Fitzmorris v Alexander
2025 NY Slip Op 03044 [238 AD3d 994]
May 21, 2025
Appellate Division, Second Department
Published by New York State Law Reporting Bureau pursuant to Judiciary Law § 431.
As corrected through Wednesday, July 9, 2025


[*1]
 Anguin Fitzmorris, Appellant,
v
Nicole Alexander, Respondent.

Borrell & Riso, LLP, Staten Island, NY (John Riso of counsel), for appellant.
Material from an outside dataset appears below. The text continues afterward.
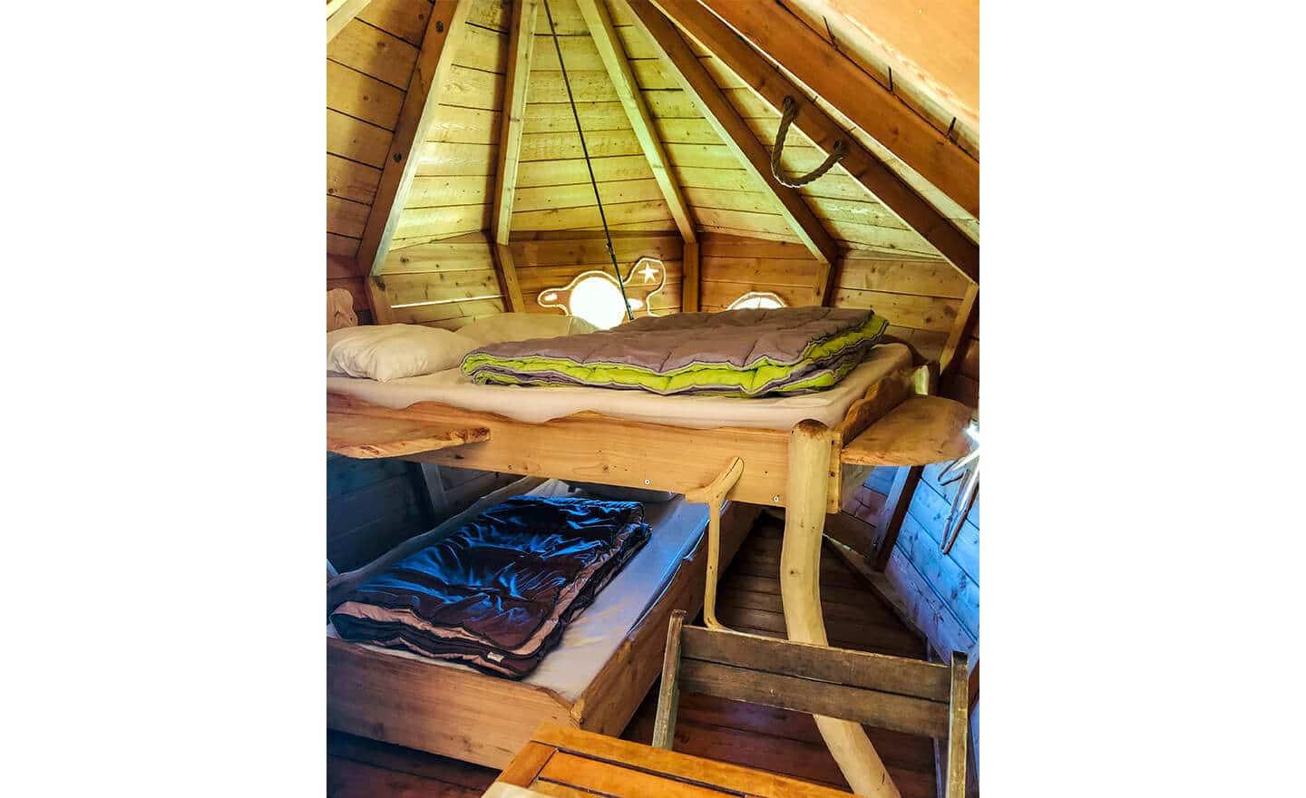 Your adventure begins with a short hike, backpack and appropriate footwear, after collecting your map and keys. Live out your childhood dream and sleep in a perched cabin. Ideal for the more adventurous who want to retreat to the depths of the estate, where everything is calm, gentle and tranquil. Arriving in front of the hundred-year-old oak tree that supports your cozy nest, you’ll now have to climb the 7m to reach the top. A short staircase, then a vertiginous miller’s ladder, and you’re there!

Martyn, Smith, Murray & Yong, Hauppauge, NY (Douglas Blumenthal of counsel), for respondent.


HEADNOTES


Negligence - Maintenance of Premises - Tenant's Fall while Ascending Staircase to Second-Floor Apartment - Cause Identified as Combination of Poor Lighting, Handrail, and Condition of Carpet - Owner Failed to Establish Lack of Actual or Constructive Notice of Dangerous Condition

In an action to recover damages for personal injuries, the plaintiff appeals from an order of the Supreme Court, Nassau County (Denise L. Sher, J.), entered November 8, 2021. The order, insofar as appealed from, granted the defendant's motion for summary judgment dismissing the complaint.

Ordered that the order is reversed insofar as appealed from, on the law, with costs, and the defendant's motion for summary judgment dismissing the complaint is denied.
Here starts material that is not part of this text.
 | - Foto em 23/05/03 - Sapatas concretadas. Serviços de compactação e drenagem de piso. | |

On July 24, 2019, the plaintiff allegedly was injured when he fell while ascending a staircase leading to his second-floor apartment located in a two-story building owned by the defendant. The plaintiff subsequently commenced this action to recover damages for personal injuries. The defendant moved for summary judgment dismissing the complaint. In an order entered November 8, 2021, the Supreme Court, inter alia, granted the defendant's motion. The plaintiff appeals.
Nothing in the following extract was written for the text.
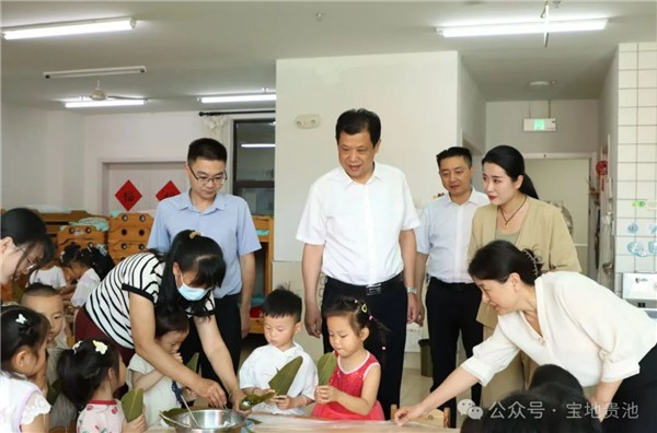 當(dāng)天,洋浦幼兒園內(nèi)充滿歡聲笑語(yǔ),孩子們?cè)诶蠋煹膸ьI(lǐng)下正在進(jìn)行包粽子、制作艾草花環(huán)等端午節(jié)特色活動(dòng)。錢(qián)松一行走進(jìn)園內(nèi)各功能區(qū),詳細(xì)了解學(xué)校教育教學(xué)、師資配備、食堂管理等方面情況,并和孩子們親切互動(dòng),衷心祝愿他們節(jié)日快樂(lè)、健康成長(zhǎng)。

"In a premises liability case, a defendant property owner . . . who moves for summary judgment has the initial burden of making a prima facie showing that it neither created the alleged defective condition nor had actual or constructive notice of its existence" (Curto v Kahn Prop. Owner, LLC, 225 AD3d 660, 660 [2024] [internal quotation marks omitted]; see Kontorinakis v 27-10 30th Realty, LLC, 172 AD3d 835, 836 [2019]). "[A] defendant moving for summary judgment can [also] make a prima facie showing of entitlement to judgment as a matter of law by establishing that the plaintiff cannot identify the cause of the plaintiff's fall without engaging in speculation" (Gardell v Arden Ave. Homeowners Assn., 228 AD3d 834, 835 [2024]; see Curto v Kahn Prop. Owner, LLC, 225 AD3d at 661).

Here, the defendant failed to establish, prima facie, that the plaintiff was unable to identify the cause of his fall without resorting to speculation (see Gasparik v Pirraglia Realty Corp., 219 AD3d 1312, 1313 [2023]; Palahnuk v Tiro Rest. Corp., 116 AD3d 748, 749 [2014]). In support of her motion, the defendant submitted, among other things, a transcript of the plaintiff's deposition testimony, wherein he testified that he could not see where he was stepping because of poor lighting conditions in the stairwell, and as he attempted to place his left foot on a step, either the handrail shook or his [*2]foot slipped on the carpet, and he felt himself going backward. As the plaintiff's left foot was in the air, his right foot slipped backwards because the carpet was worn. As such, the plaintiff identified the cause of his fall as a combination of the lighting, the handrail, and the poor condition of the carpet. Therefore, the defendant failed to establish, prima facie, that the plaintiff did not know what had caused him to fall (see Palahnuk v Tiro Rest. Corp., 116 AD3d at 749). In addition, the defendant failed to establish, prima facie, that she did not have actual or constructive notice of the allegedly dangerous condition (Martino v Patmar Props., Inc., 123 AD3d 890, 891 [2014]; Palahnuk v Tiro Rest. Corp., 116 AD3d at 749).

Accordingly, the Supreme Court should have denied the defendant's motion for summary judgment dismissing the complaint regardless of the sufficiency of the opposition papers (see Winegrad v New York Univ. Med. Ctr., 64 NY2d 851, 853 [1985]).

The defendant's remaining contention is without merit. Connolly, J.P., Chambers, Voutsinas and McCormack, JJ., concur.